Пока наша группа продвигалась по мосткам, я представляла себе ошеломлённого князя, лицезревшего это божественное чудо. Мы свернули направо. На повороте росла сосна, ствол которой образовывал петлю. Я поспешила сделать кадр. Экскурсовод в это время рассказывал, что, если пролезть через нее, помолодеешь на год. Но так как покидать дорожку строго-настрого запрещалось, о вечной молодости приходилось только грезить. Замечтавшись, я не заметила, как отстала от группы. Ноги несли меня вперёд. В надежде догнать туристов я уже почти бежала. До меня не сразу дошло, что дорожка под ногами густо усыпана острыми хвоинками, а не устелена досками. Оказалось, что я сошла с маршрута. Ни сзади, ни спереди никого не было. Только лес обступил меня со всех сторон. И тишина. Замершая, страшная. Схватив телефон, я попыталась до кого-нибудь дозвониться, но связи не было. Накатила паника, разливаясь волнами по телу. От страха я потеряла ориентацию в пространстве и уже не могла определить, откуда пришла. Сбоку позвала кукушка, и я решила идти на ее клич. Раз птичка продолжает куковать, значит, у меня ещё есть шансы выбраться. Я улыбнулась своим мыслям, стараясь прогнать липкое чувство тревоги.
Хвойный лес сменился лиственным. Белобокие берёзы с любопытством посматривали на нежданную гостью, шепчась обо мне с осинами и дубами своими кронами. Мой заторможенный мозг, наконец, сообразил, что нужно идти в обратную сторону, в сосняк. Развернувшись, я обнаружила, что на дереве висит венок, сплетенный из тонких веточек, травы и ярких лент. В самом центре венка красовалось пестрое птичье перо. Сфотографировав находку, я убрала камеру в рюкзак и взяла венок в руки. В тот же миг ударной волной меня откинуло назад на мягкую, высокую траву. Я поднялась с земли и увидела, что лес вокруг вдруг преобразился. Мало того, что осенние листья помолодели и вновь стали зелеными, так и сами деревья были тоньше и ровнее. Будто попала я совсем в другой лес. Изменился даже запах. Пахло влажностью и рекой. Странно, откуда ей здесь взяться? Сквозь верхушки деревьев просачивалось и стекало магмой на землю горячее солнце. Из глубины леса донесся женский смех. Я поспешила на звук.

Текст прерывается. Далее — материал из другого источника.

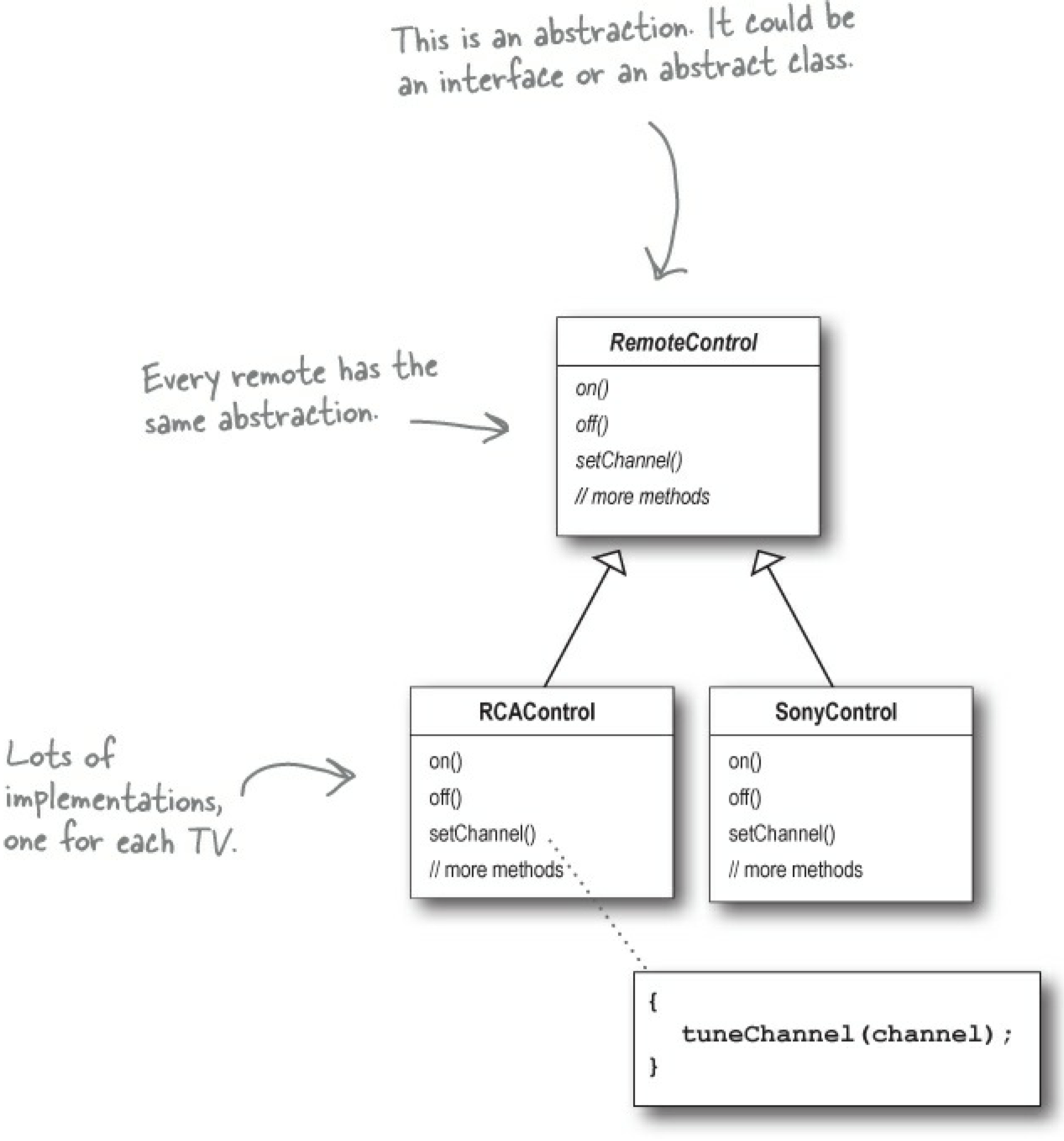 하지만, 문제는 리모컨의 기능과 TV 모델들이 바뀔 수 있다는 점이다. 여러 TV에서 구현을 다양화할 수 있도록 리모컨은 이미 추상화했지만, 리모컨의 기능이 개선될때마다 TV 모델들의 구현 또한 변경되어야 할 수 있다.

Выбравшись на полянку, в центре которой лежала высокая куча сушняка, я обнаружила трех девушек. Они стояли ко мне спиной и о чем-то беседовали, периодически взрываясь безудержным хохотом. Часть слов мне была непонятна, но из остального услышанного я разобрала, что смеялись девицы над дуркой-бабой, что явилась из лесу и грозилась лихом. Я решила спросить у них, как мне вернуться к автобусу. Но девушек в длинных сарафанах мой приход почему-то не обрадовал. Завидев меня, они сначала настороженно выкрикивали что-то в мою сторону, а затем принялись махать руками, будто пытались избавиться от назойливой мухи. Их непонятная речь с повторяющимся «Чур! Чур!» сбивала с толку. Мне очень хотелось вернуться домой, и я всё же решила узнать у них своё местоположение. Тогда одна девушка выхватила из кучи большую палку и побежала на меня с грозным «А-а-а-а-а-а!». Я рванула обратно в кусты. Только ненормальных не хватало встретить для полного счастья! В памяти осталась поляна, украшенная лентами и цветами. «Красиво, конечно. Видимо, готовятся к исторической реконструкции», – подсказал мозг логичное объяснение. И снова внутри заелозило смутное сомнение. С дерева за мной молча наблюдала пёстрая кукушка. Я сфотографировала её и, решив положиться на интуицию, пошла прочь от полянки, стараясь держаться левее. Мне казалось, что наша группа ждёт меня где-то там. Солнце начинало плавный спуск по невидимой небесной горке. Я продиралась сквозь кусты в местах, где деревья сходились особенно близко. Ветки цеплялись за волосы, царапали кожу. На лицо налипла паутина, а одежда была в репьях. Я могла бы поклясться, что по мне кто-то ползает. Но это меня уже не особо волновало.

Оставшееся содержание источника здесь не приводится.